Coming To Our Senses

When he came to his senses, he said, “How many of my father’s hired men have food to spare, and here I am starving to death!  I will set out and go back to my Father”
Luke 15:17-18

There are two distinct life experiences that serve to re-awaken in us the need to “go back to our Father’s house.”  More often than not we are motivated by either a strong experience of desire, or one of suffering.  And it would be easy to imagine which one our Father would prefer for us.

Feelings of love and desire for God naturally lead us to more intently seek relationship.  When people are first dating, no one has to remind the guy to call the girl, or for either of them to keep their Friday nights open just in case there might be an opportunity to get together.  Love keeps the other person in mind and there is nothing more important than being together.  There are times when our relationship with God is motivated by a similar attraction of love.

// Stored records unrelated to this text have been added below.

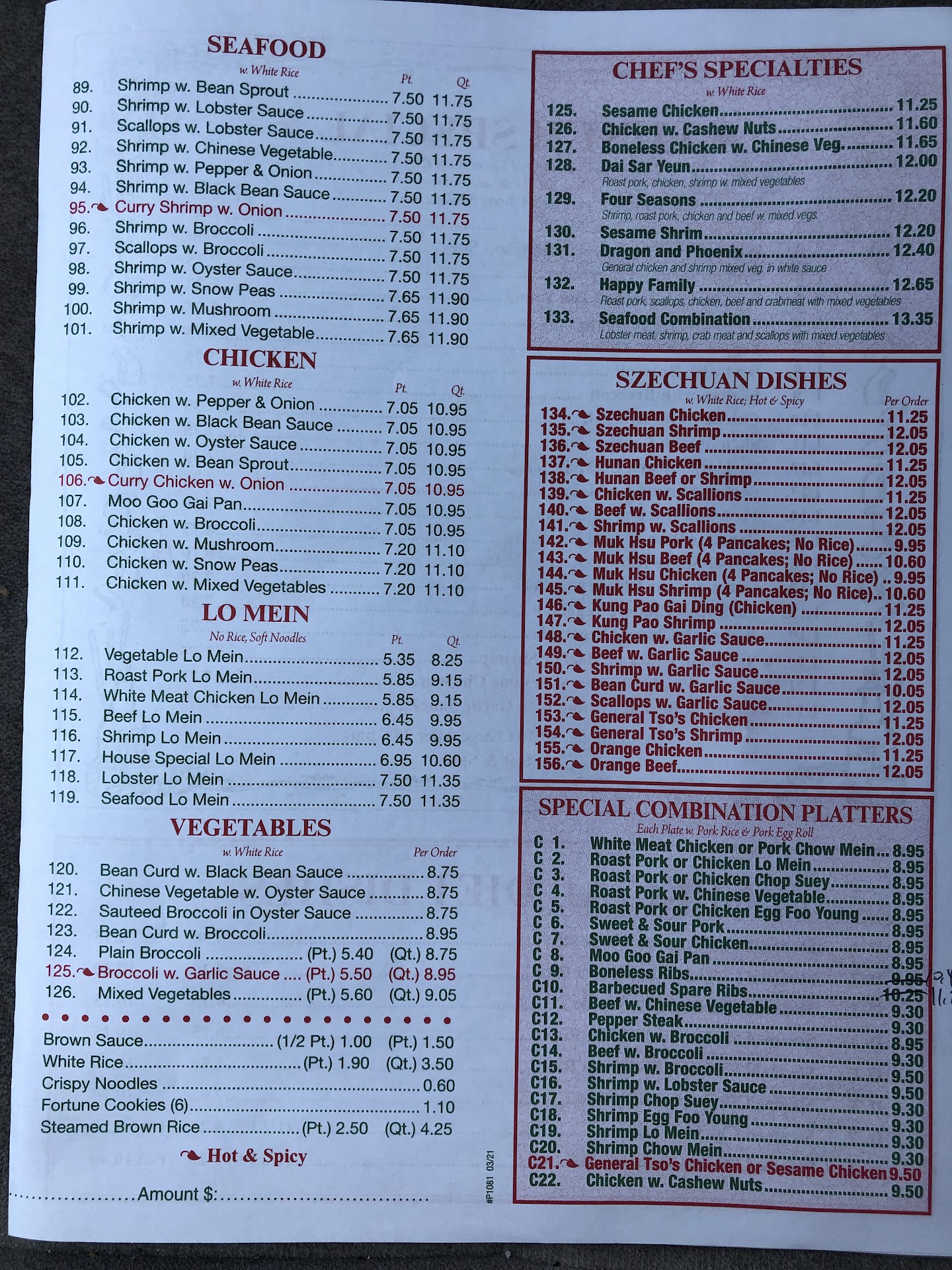 I had two orders. One order was chicken egg foo yung, the other chicken wings and beef fried rice. The chicken wings and beef fried rice were fine. However, the chicken egg foo yung was horrible. The patties were burnt and the gravy had absolutely no flavor. I even ordered a larger white rice. I spent a good amount of money for these orders. When I wanted to return the chicken egg foo yung because it was burnt and get something else, I was told that I had to pay half price for that order. Even though they seen that the egg foo yung was barely touched (and took it back also) they still charged me half price for another order. This is not good customer service at all. This is not a place that I plan on patronizing ever again, and neither will any one of my coworkers who often patronize this place as well. Lord only knows what they did with the food that they took back from meâŚâŚâŚâŚbad...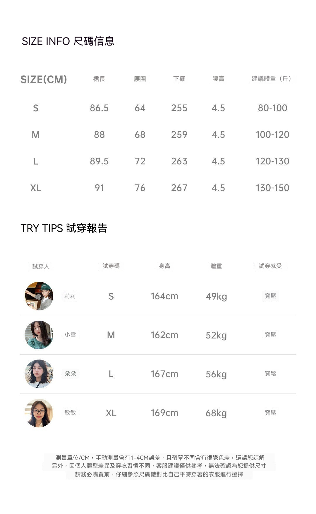 裙長: 半身長裙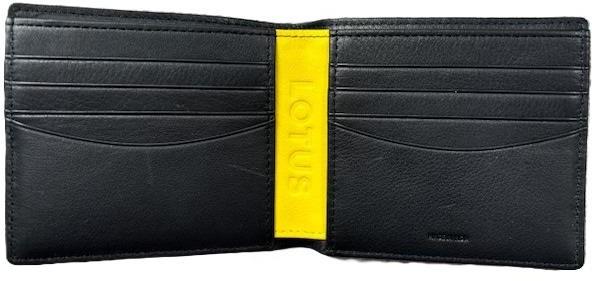 Carta realizzata in 100% pelle di vitello Nappa, con pannello a contrasto giallo e borchia in metallo con stemma rotondo LOTUS, fornita in confezione regalo.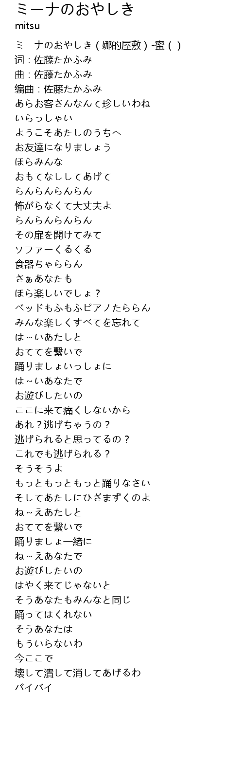 | [00:00.00] | ミーナのおやしき(娜的屋敷)-蜜() |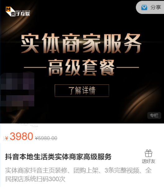 【网赚上新】《麦子互娱抖音本地生活类实体商家高级服务》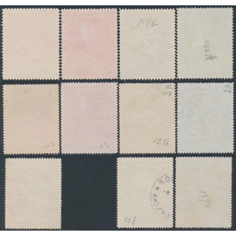 1914 1Kop to 10Kop War Relief sets on coloured paper in each of the three perforations: 11½:11½, 12½:12½ & 13½:13½, missing only the rare 3Kop value perf. 13½, used – no thins, tears or bends.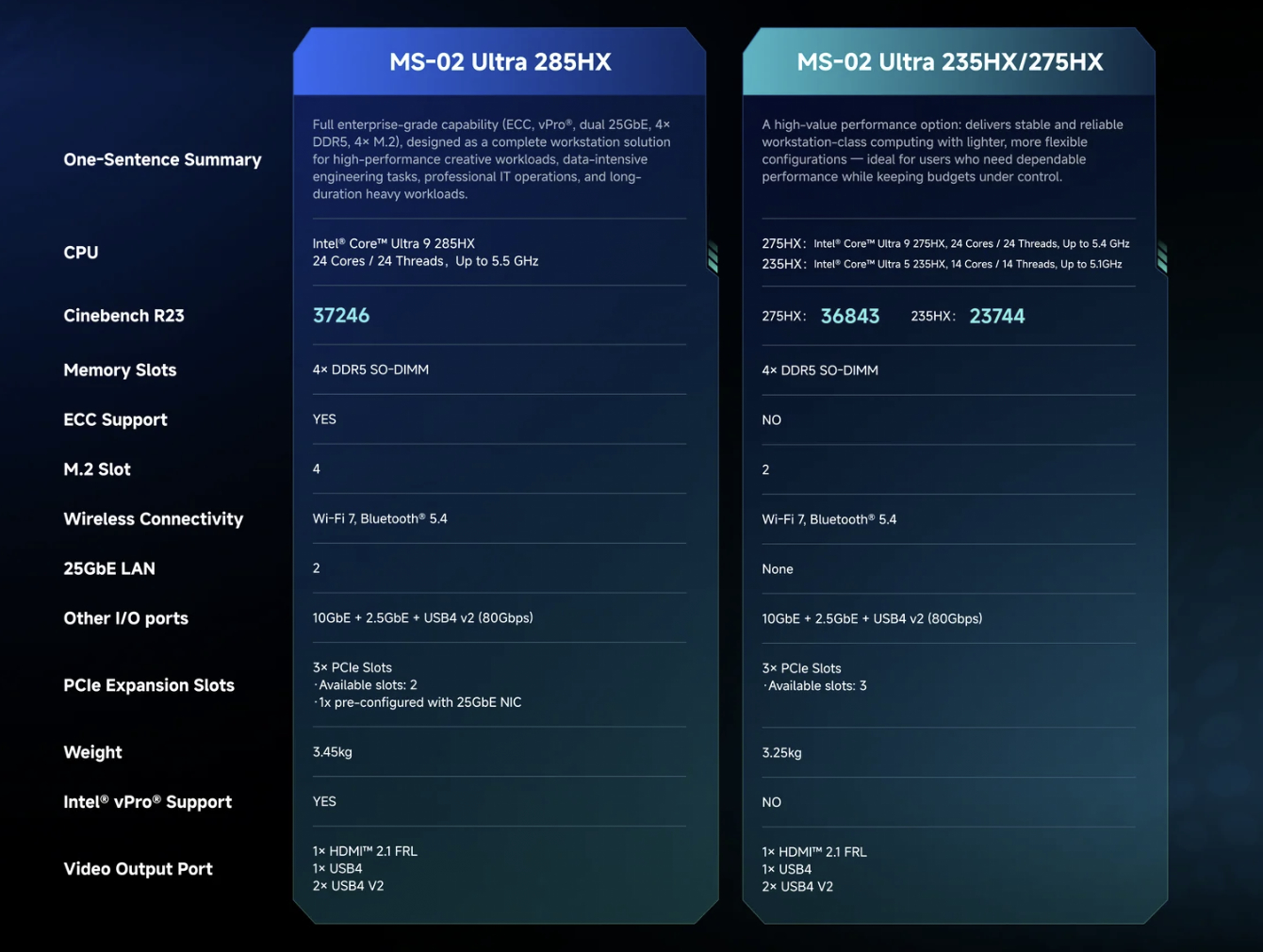 Atualmente, o MS-02 Ultra custa a partir de US$ 949 como uma unidade barebone com um Processador Core Ultra 9 275HX antes de aplicar um desconto de US$ 50 no checkout usando o código MS0250. No entanto, um processador mais barato Core Ultra 5 235HX mais barato estará disponível por US$ 719. Enquanto isso, o Core Ultra 9 285HX começa em US$ 1.119 e sobe para US$ 2.899 com 192 GB de RAM ECC e um SSD de 2 TB. Observe que somente o Core Ultra 9 285HX contêm portas Ethernet duplas de 25 Gbps.

But there is another motivation that comes from a more desperate expression of our need for God.  This usually happens when we have been trying for too long to live the Christian life on our own.  Like a branch that has withered, we feel burdened and discouraged about our lives.  We are flailing and yet we persist in this mode even though our plight seems more and more hopeless.  We reach a point where we feel we can go no further.  We are ready to give up.  And yet, somehow, we still stubbornly persist.  Eventually our circumstances and the gradual drying up of our wills force us, usually as a last resort, to return to God.  It was a long time in coming, but suffering finally brought us back to our senses.

The painful result of living life on his own terms was what motivated the prodigal son to finally decide to return to his father’s house.  From the father’s point of view, it was surely grievous that this recourse was necessary.  But such is the high risk that God has taken in granting us the freedom to choose Him, or not.

There is wisdom to be gained from the experience of inner distress when, for lack of God, we suffer unnecessarily in our lives.  This type of pain eventually teaches us that an ounce of prevention is better than the pound of cure needed to recover our stability and peace in God. The art of spiritual maintenance then becomes a matter of recognizing the very desire we feel for God as a gift that we are to cherish and not take for granted.

C.S. Lewis once wrote, “God sometimes uses pain, like a megaphone, to get our attention.”  May we learn to avoid, as much as possible, the necessity for such by more readily heeding the still small voice that reminds us of our love and desire for God.  Even now, it whispers to all who are straying, “it is time to come home to the Father.”